● **ASSIGNMENT**
Return the line containing "This 1st Special" and every line beneath it through the end of the entries below, unchanged. Pictures stay out.

Start of EXERCISE MATERIALS

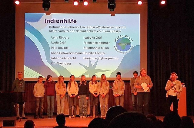 Mit einer Ehrungsveranstaltung am 29. Januar 2026 würdigte das Anno-Gymnasium in Siegburg das außerunterrichtliche Engagement ihrer Schülerinnen und Schüler. Unter dem Titel „Glanzlichter am Anno-Gymnasium – Leistungen, die leuchten“ wurden in der Aula mehr als 100 Jugendliche für ihren besonderen Einsatz ausgezeichnet. Bei diesem festlichen Anlass wurde die Indienhilfe AG für ihr fortlaufendes soziales Engagement ausgezeichnet. Mit über 18.000 € war das Gymnasium im Jahr 2025 wieder größter Spender der Indienhilfe Siegburg. Neben dem Sponsorenlauf, der 14.000 € erbrachte, wurde der Rest durch Aktionen der AG sowie Spenden von Lehrkräften erwirtschaftet. Wir bedanken uns herzlich bei allen Engagierten und gratulieren zur Auszeichnung.
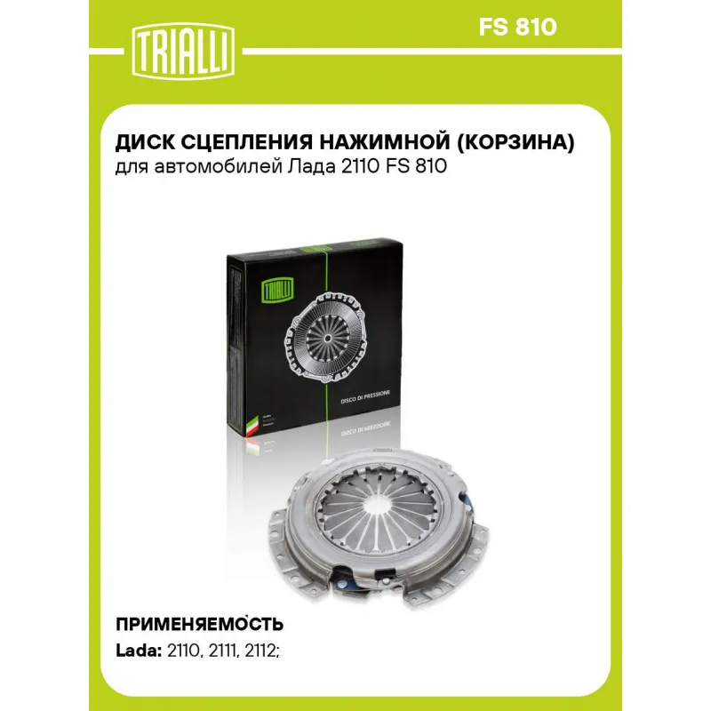 Диск сцепления нажимной (корзина) для автомобилей Лада 2110 Характеристики: Артикул: FS 810 OEM номера: 2110-1601085, 21120160108500, 2112-1601085 Сопутствующие товары:: FD 310, FR 751 Гарантийный срок: 2 года/60 000 км Количество на автомобиль: 1 Диаметр, мм: 200 Сопутствующий товар: Комплекты сцепления: FR 718 Товарная линейка: BLACK Подходит для авто: ВАЗ 2110, 2110, 2111, 2111, 2112, 2112, 2110, 2111, 2112 Для проверки применяемости отправьте VIN автомобиля через вкладку "Есть вопросы о товаре?" Комплектация: Диск сцепления нажимной - 1 шт Гарантия: от 1 года.
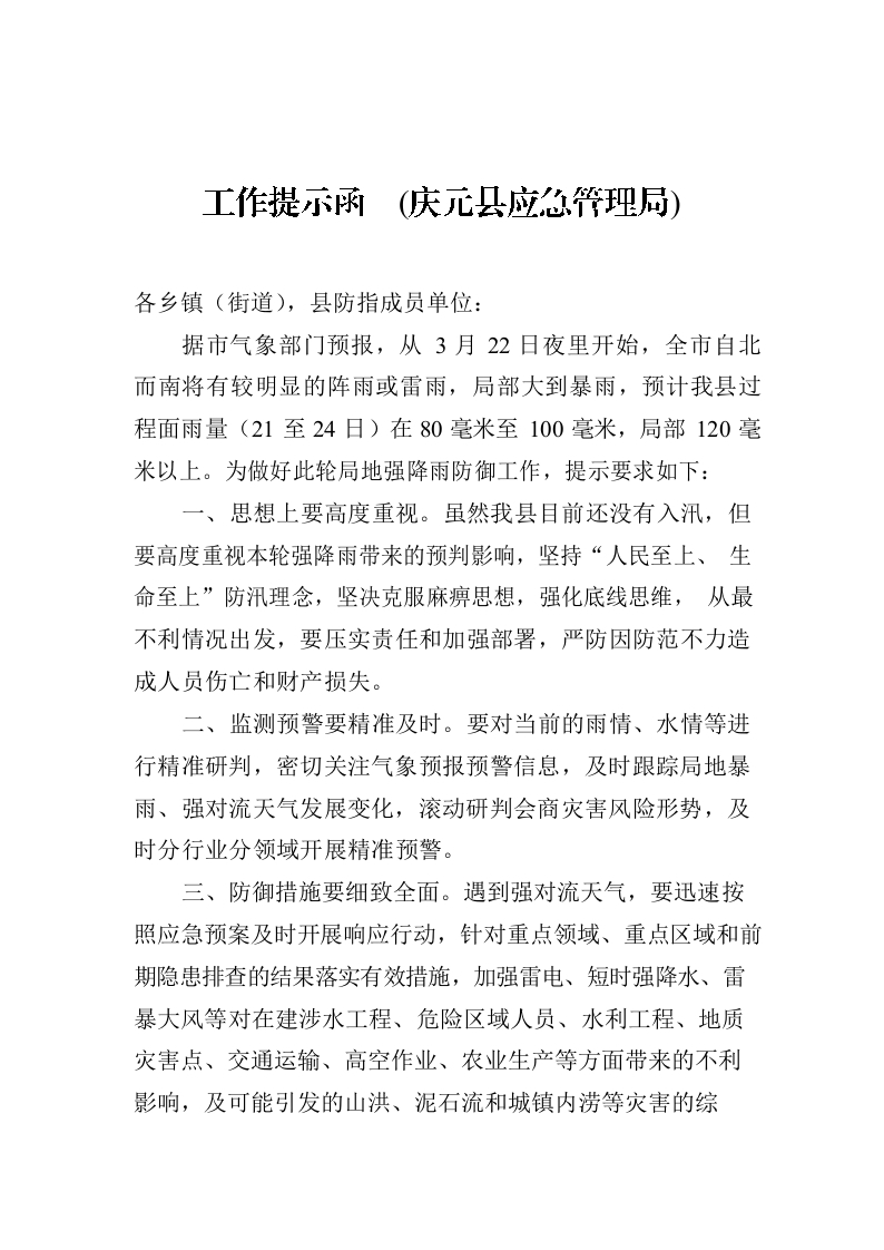/ 工作提示函 (庆元县应急管理局)
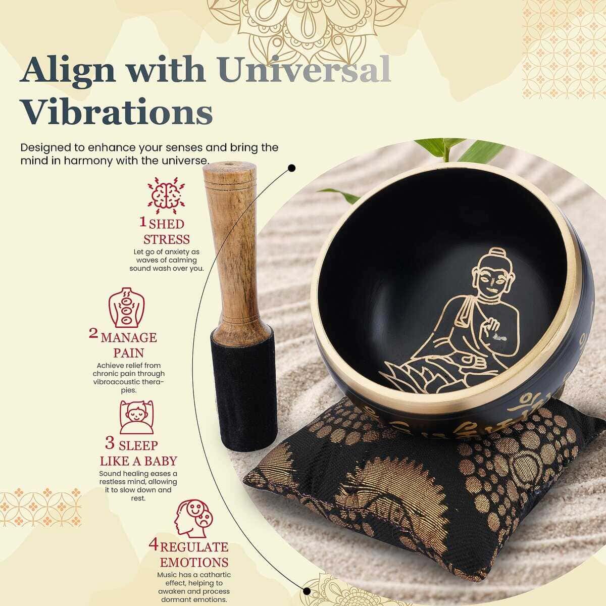 Sumérgete en una relajación profunda con este cuenco de meditación. Siguiendo las instrucciones simples, puedes crear hermosos sonidos resonantes que inducen un estado de tranquilidad y te ayudan a lograr una mente y cuerpo pacíficos.
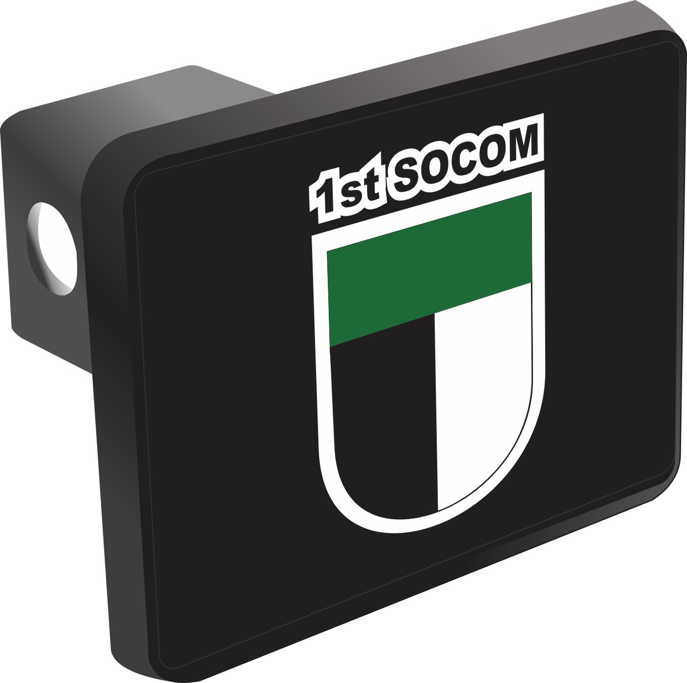 This 1st Special Operations Command SOCOM Hitch Cover is proudly Made in the USA. Each Hitch Cover's face plate measures 4.7" x 3.4" and is applied on a black heavy duty injection molded plastic 2" hitch cover; link pin not included. The face plate of the hitch cover is sublimation printed to provide a beautiful glossy finish sure to catch the eye. This hitch cover would make a wonderful addition to your truck or other vehicle.A percentage of the sale of each MilitaryBest item is forwarded to the licensing departments of each respective branch of service in support of the MWR (Morale, Welfare, & Recreation) program. These payments are made by either ALL4U LLC or the wholesaler from where the item originated. Our team thanks you for your service and your support of these programs.
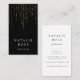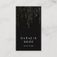 Un design carte de visite vertical simple et élégant est doté d'un lettrage blanc classique sur un arrière - plan noir riche avec des cascades de faux fils dorés au sommet. Personnalisez avec deux lignes de texte personnalisé sur le devant, et ajoutez vos coordonnées complètes au verso.

End of EXERCISE MATERIALS

● **TASK RESULT**
 This 1st Special Operations Command SOCOM Hitch Cover is proudly Made in the USA. Each Hitch Cover's face plate measures 4.7" x 3.4" and is applied on a black heavy duty injection molded plastic 2" hitch cover; link pin not included. The face plate of the hitch cover is sublimation printed to provide a beautiful glossy finish sure to catch the eye. This hitch cover would make a wonderful addition to your truck or other vehicle.A percentage of the sale of each MilitaryBest item is forwarded to the licensing departments of each respective branch of service in support of the MWR (Morale, Welfare, & Recreation) program. These payments are made by either ALL4U LLC or the wholesaler from where the item originated. Our team thanks you for your service and your support of these programs.
 Un design carte de visite vertical simple et élégant est doté d'un lettrage blanc classique sur un arrière - plan noir riche avec des cascades de faux fils dorés au sommet. Personnalisez avec deux lignes de texte personnalisé sur le devant, et ajoutez vos coordonnées complètes au verso.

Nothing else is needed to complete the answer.